Exactly the lines below, starting with the one containing "由交通运输部、人力社会资源部" and going on through the one containing "Very Czech. I", must be reproduced, both ends included, and no pictures with them.

§ Records for processing:
##########
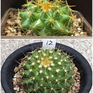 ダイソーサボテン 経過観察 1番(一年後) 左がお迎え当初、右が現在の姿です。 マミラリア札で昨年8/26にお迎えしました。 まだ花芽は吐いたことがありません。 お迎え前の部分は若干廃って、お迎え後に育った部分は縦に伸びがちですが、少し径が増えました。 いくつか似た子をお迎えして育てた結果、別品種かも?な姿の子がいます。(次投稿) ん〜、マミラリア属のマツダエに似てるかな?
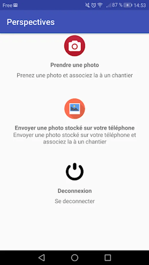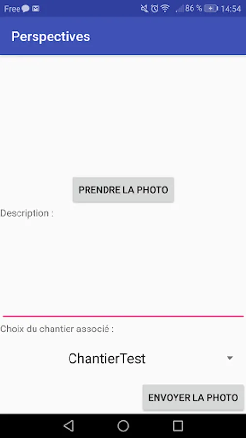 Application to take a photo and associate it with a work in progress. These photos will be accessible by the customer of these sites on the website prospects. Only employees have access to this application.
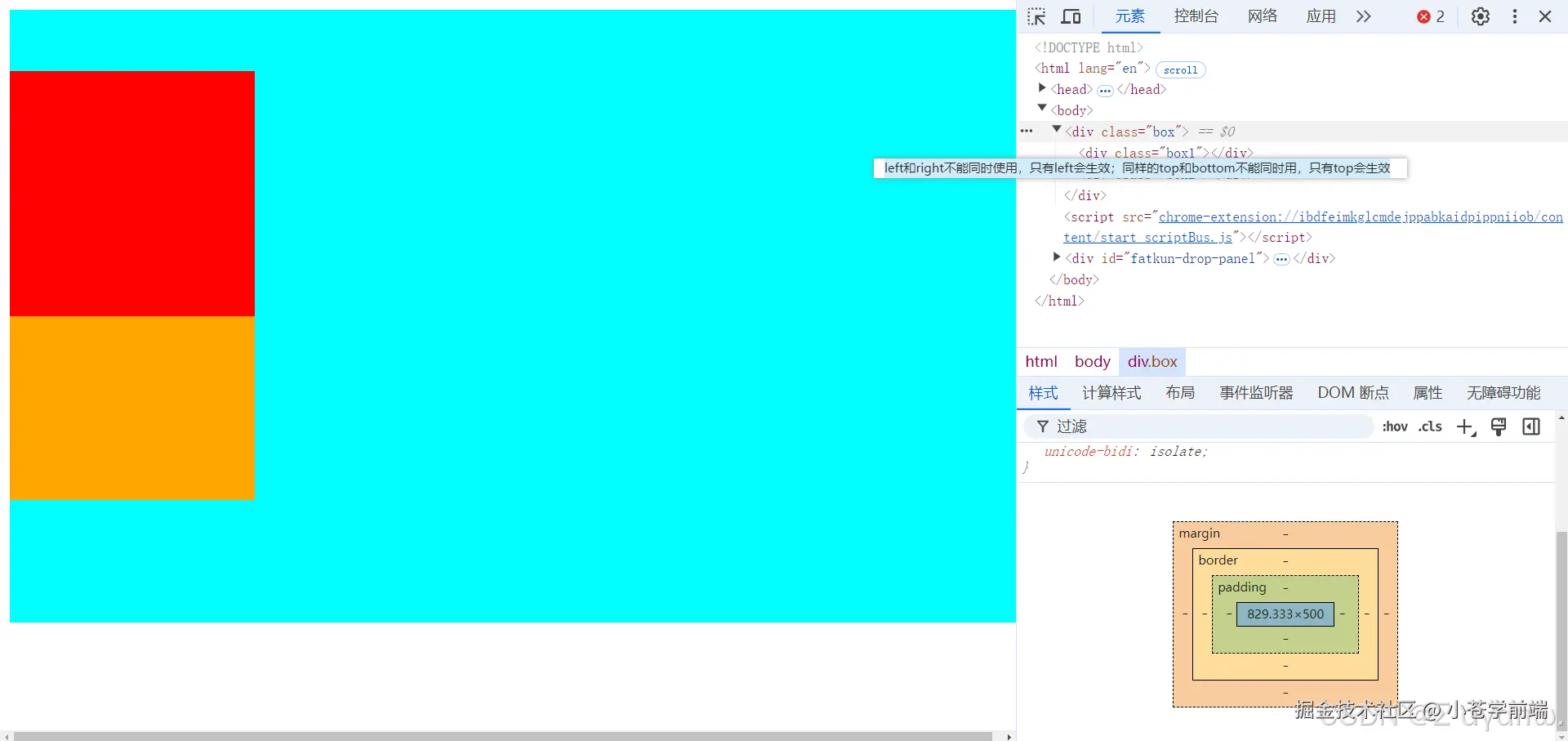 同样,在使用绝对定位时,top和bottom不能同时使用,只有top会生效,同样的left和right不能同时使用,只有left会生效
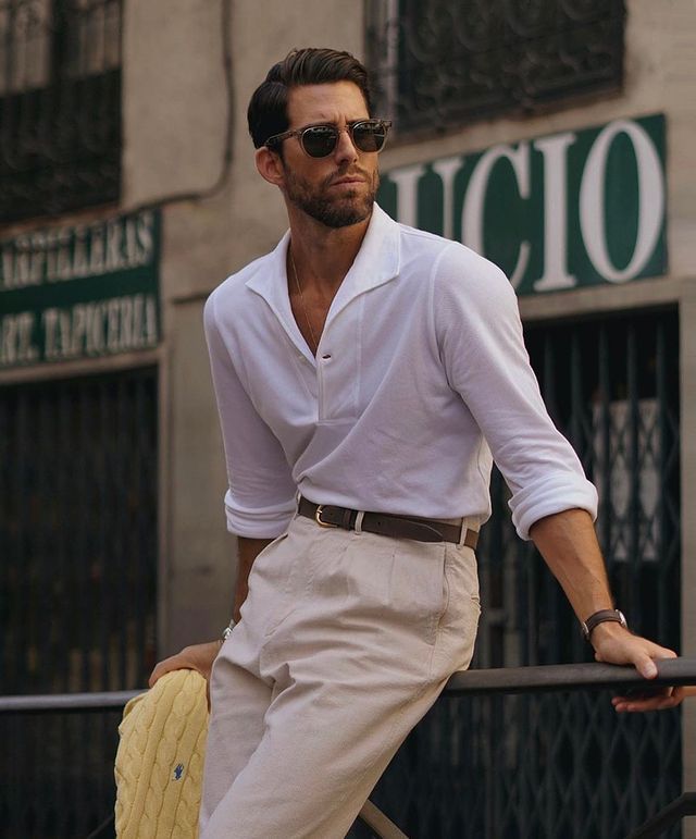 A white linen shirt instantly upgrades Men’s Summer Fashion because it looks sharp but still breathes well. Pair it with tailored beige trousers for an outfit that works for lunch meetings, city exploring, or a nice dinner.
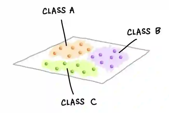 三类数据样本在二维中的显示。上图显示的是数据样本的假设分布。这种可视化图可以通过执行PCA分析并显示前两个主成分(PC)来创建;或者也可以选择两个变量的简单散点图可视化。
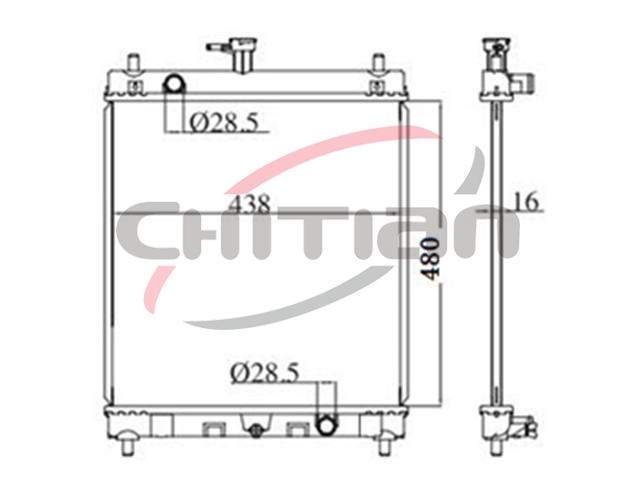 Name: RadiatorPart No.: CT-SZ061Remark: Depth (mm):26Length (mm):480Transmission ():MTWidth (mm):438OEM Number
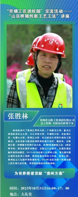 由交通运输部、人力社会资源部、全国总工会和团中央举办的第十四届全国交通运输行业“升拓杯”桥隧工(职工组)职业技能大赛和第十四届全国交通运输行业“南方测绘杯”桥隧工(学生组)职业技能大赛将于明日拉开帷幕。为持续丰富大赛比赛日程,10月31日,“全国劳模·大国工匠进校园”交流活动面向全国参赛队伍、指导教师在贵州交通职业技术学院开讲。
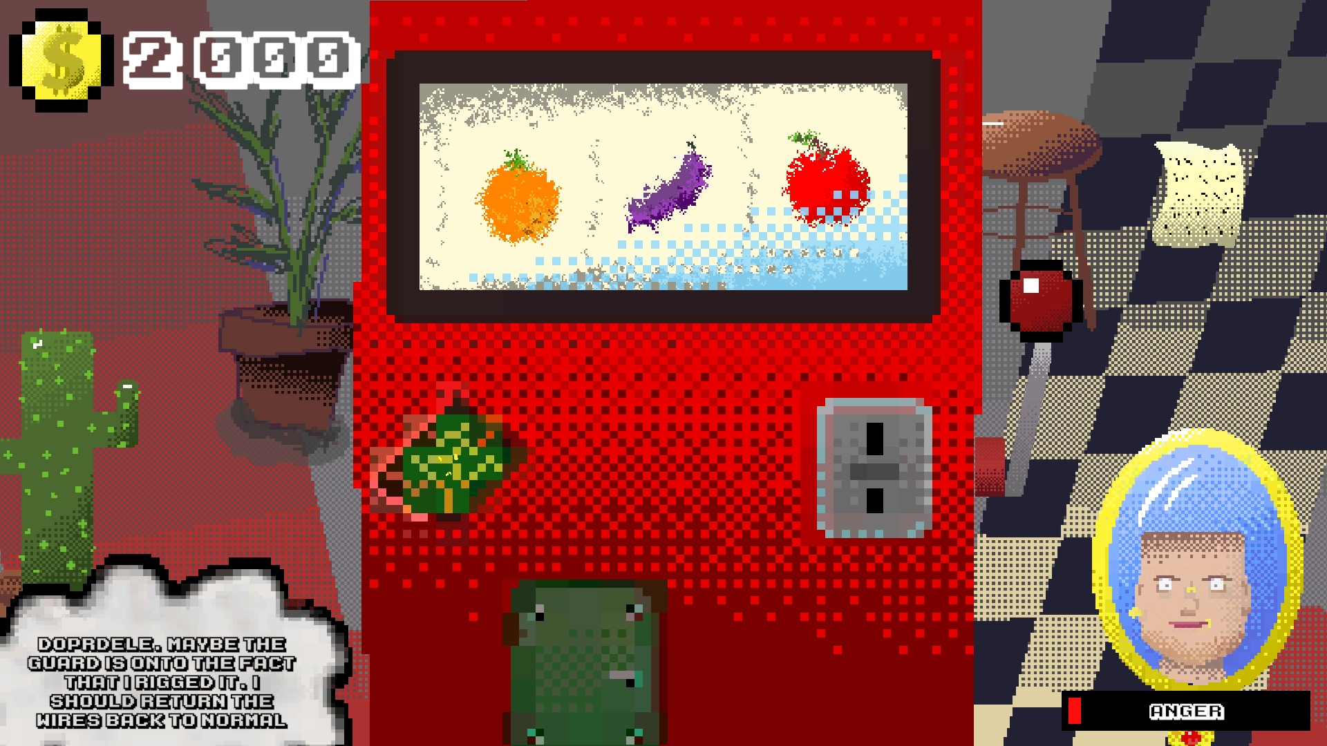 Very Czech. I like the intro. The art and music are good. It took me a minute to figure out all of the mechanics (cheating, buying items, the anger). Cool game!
##########
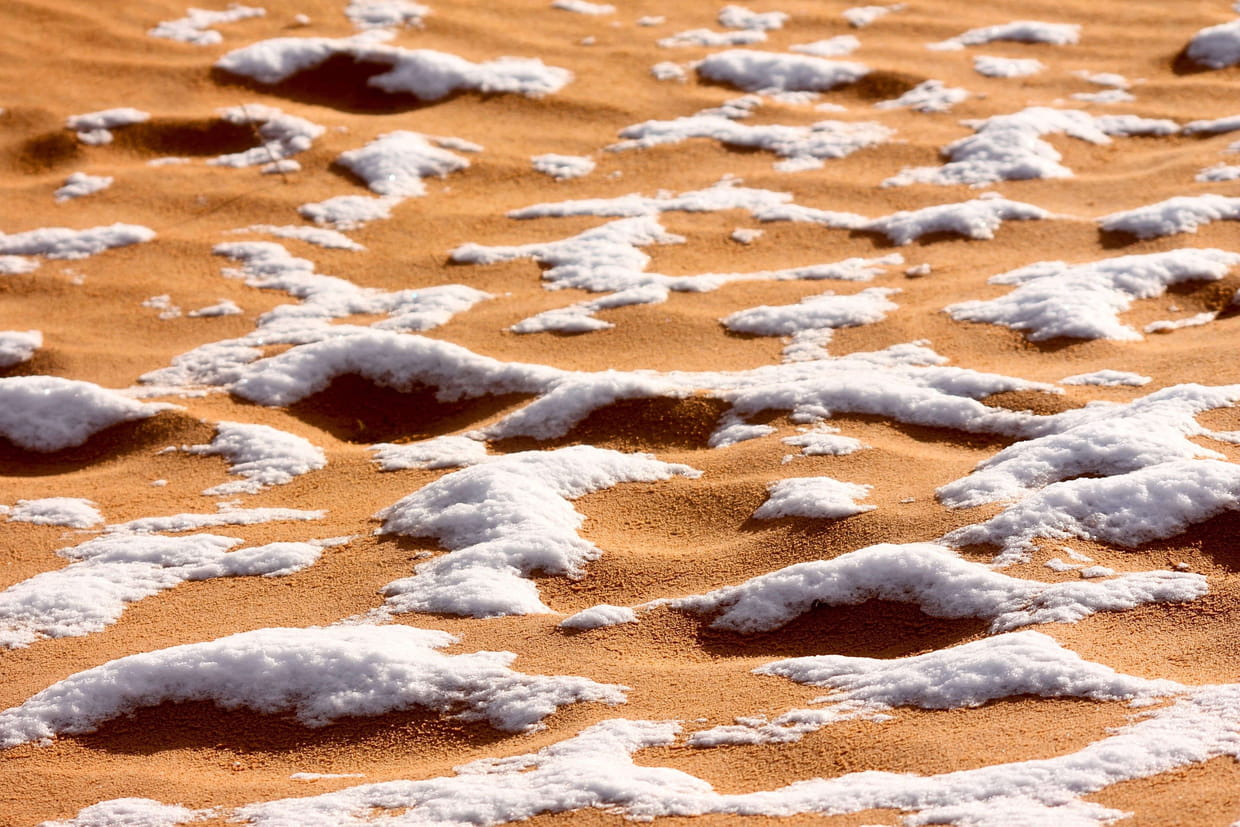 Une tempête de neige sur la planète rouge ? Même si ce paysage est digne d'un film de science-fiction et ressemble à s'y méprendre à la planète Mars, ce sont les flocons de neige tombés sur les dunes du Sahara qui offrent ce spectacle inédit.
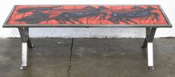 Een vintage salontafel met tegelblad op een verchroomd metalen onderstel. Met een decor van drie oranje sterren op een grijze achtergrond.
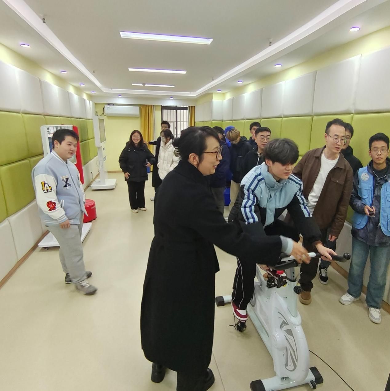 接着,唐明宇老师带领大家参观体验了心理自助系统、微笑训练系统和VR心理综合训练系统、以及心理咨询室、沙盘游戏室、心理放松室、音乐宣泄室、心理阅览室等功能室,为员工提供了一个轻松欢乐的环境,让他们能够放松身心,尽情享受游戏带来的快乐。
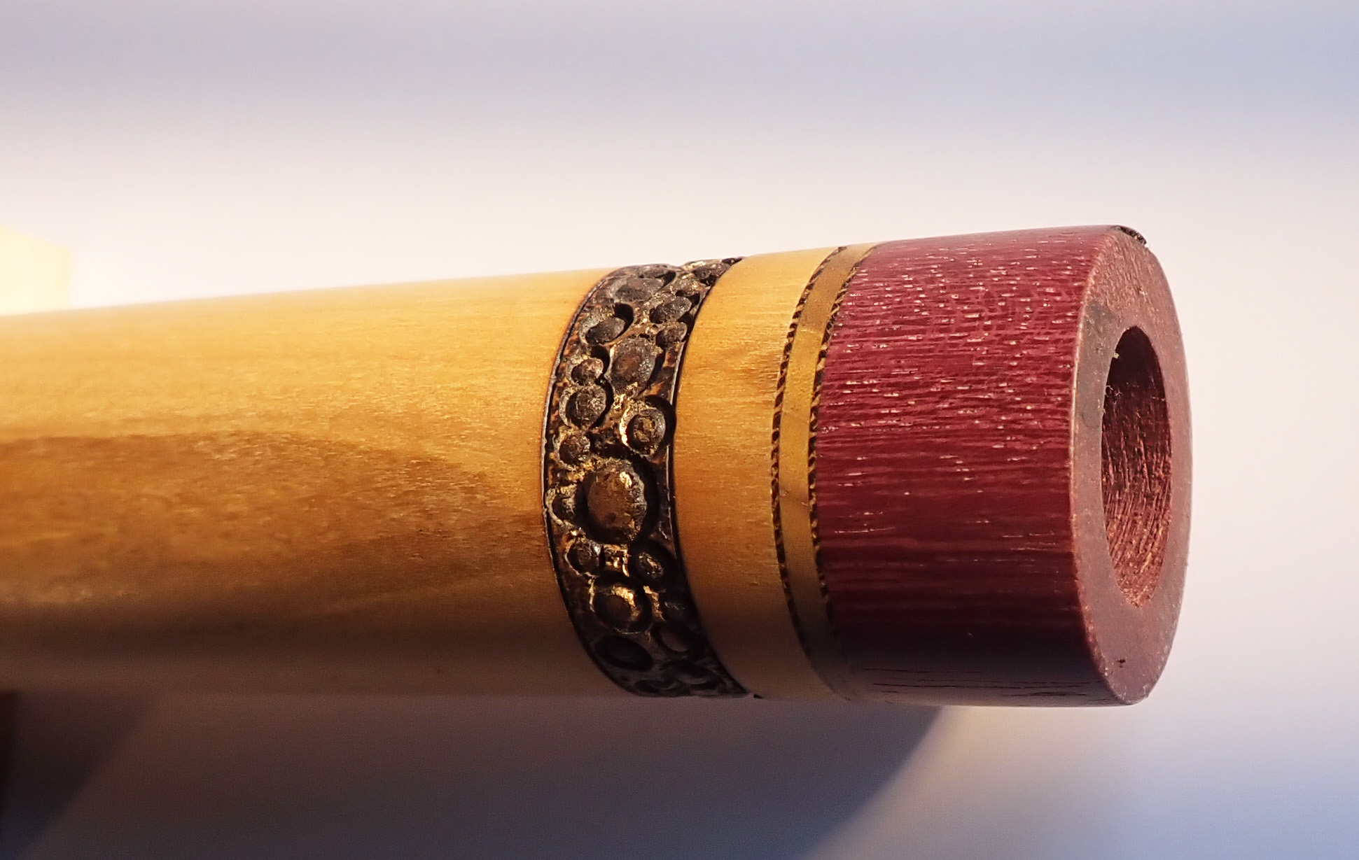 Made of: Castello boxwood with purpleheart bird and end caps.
##########
§ Solution to this exercise:
 由交通运输部、人力社会资源部、全国总工会和团中央举办的第十四届全国交通运输行业“升拓杯”桥隧工(职工组)职业技能大赛和第十四届全国交通运输行业“南方测绘杯”桥隧工(学生组)职业技能大赛将于明日拉开帷幕。为持续丰富大赛比赛日程,10月31日,“全国劳模·大国工匠进校园”交流活动面向全国参赛队伍、指导教师在贵州交通职业技术学院开讲。
 Very Czech. I like the intro. The art and music are good. It took me a minute to figure out all of the mechanics (cheating, buying items, the anger). Cool game!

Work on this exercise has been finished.